Monday, February 8, 2010

Minding Our Motives: Redemption

A friend read my "Minding Our Motives" post and recalled a familiar triusm: The road to hell is paved with good intentions.

So, if the road of white racism---by which I mean, well-intentioned-but-oblivious white prejudice and acquiescence to systemic racism, as opposed to intentionally hateful acts of discrimination and physical/verbal/emotional violence against non-whites---is in fact a road to hell that is paved with our (well-meaning white folks') good intentions, then what is our salvation from ourselves and from the preferential system in which we are entrenched?

1. I believe, first and foremost, in the need for whites to EDUCATE OURSELVES and one another. If we want to understand non-white experiences within the United States and around the world, then we must pick up a book (any number of them!) and read it! While the impact of hearing a friend or colleague's personal experience of racism is irreplaceable, we whites must be ever cautious about placing the burden of our own education upon others (who, by the way, cannot speak for all persons of color and ethnicity and nationality...though we implicitly ask them to do so). Want to know, for example, what it's like to grow up Black or to raise Black children in the predominantly white school district in which you live? Read "Why Are All The Black Kids Sitting Together in the Cafeteria?" by Beverly Daniel Tatum. I've revisited this classic myself recently; my two children, after all, don't come running home from school to share, "Hey Mom, guess how I experienced systemic racism at school today?!"---yet I hear it when my daughter talks about the repeated slight that she experiences from her 2nd grade teacher and I see it when my son is complimented for being an exceptional young Black man (like when commentators marvel that our President is articulate and intelligent). Read White Like Me by Tim Wise; watch Traces of the Trade (a copy can be borrowed from the resource library of Penn Central Conference) or Race: The Power of an Illusion to begin to delve into the depths of the history of race and racism.

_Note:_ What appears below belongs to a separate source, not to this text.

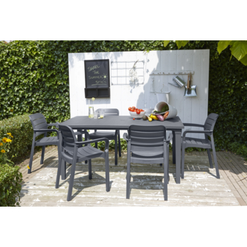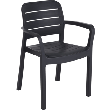 De tuinstoel Romy in zwart combineert comfort, stijl en gebruiksgemak in één. Met een zithoogte van 45 cm biedt deze stoel een ideale zitpositie, perfect voor ontspannen momenten in de tuin of op het terras. Het kunststof materiaal is niet alleen lichtgewicht en gemakkelijk te verplaatsen, maar ook bestand tegen regen, zon en vuil, wat hem zeer geschikt maakt voor langdurig buitengebruik. Het onderhoudsvriendelijke ontwerp zorgt ervoor dat je de stoel eenvoudig schoon houdt met slechts een vochtige doek.

2. If our well-intentioned motives too often deceive us into believing that we (again, whites) are thinking and saying the politically correct things, then we need to join and forge interracial coalitions that will challenge our thinking and our saying and, more importantly, compel us beyond thinking and saying to acting. If intentions do not matter, as I suggested in an earlier blog, then we must stop trying so hard to mean well and actually GET ACTIVE in anti-racism work: in schools and curricula rewrites and standardized testing, in prison reform, in economic policies and international debt forgiveness, in WalMart and Gap's problematic "employment" of underpaid and underage women in Latin & South American countries for clothes-making, in our local colleges where hateful words are still scrawled in public places... Pick one, and become an agent of anti-racism. We whites tend to become overwhelmed rather quickly by the enormity of systemic racism and the abyss of our own white guilt. Getting involved with an already-existing coalition or agency helps to calm our panic and positively focus our anxious need to "do something."

We (whites) are not beyond hope, although we make the most progress toward being anti-racist when we shed our self-righteous motives and humbly lose our fear of being perceived as racist...we are racist simply by virtue of being compliantly mired in this system of white privilege. When we glimpse the tip of this iceberg-of-a-system, then we begin to understand that our well-intentioned motives, our careful use of politically correct language, and our prideful report of having one Black friend or one biracial nephew/niece, are (nearly) meaningless in resisting the iceberg's impact around us. We can be most useful---and, perhaps, redeemed---when we set aside our pride and finally risk our comfortable whiteness to join an interracial coalition in the work of anti-racism.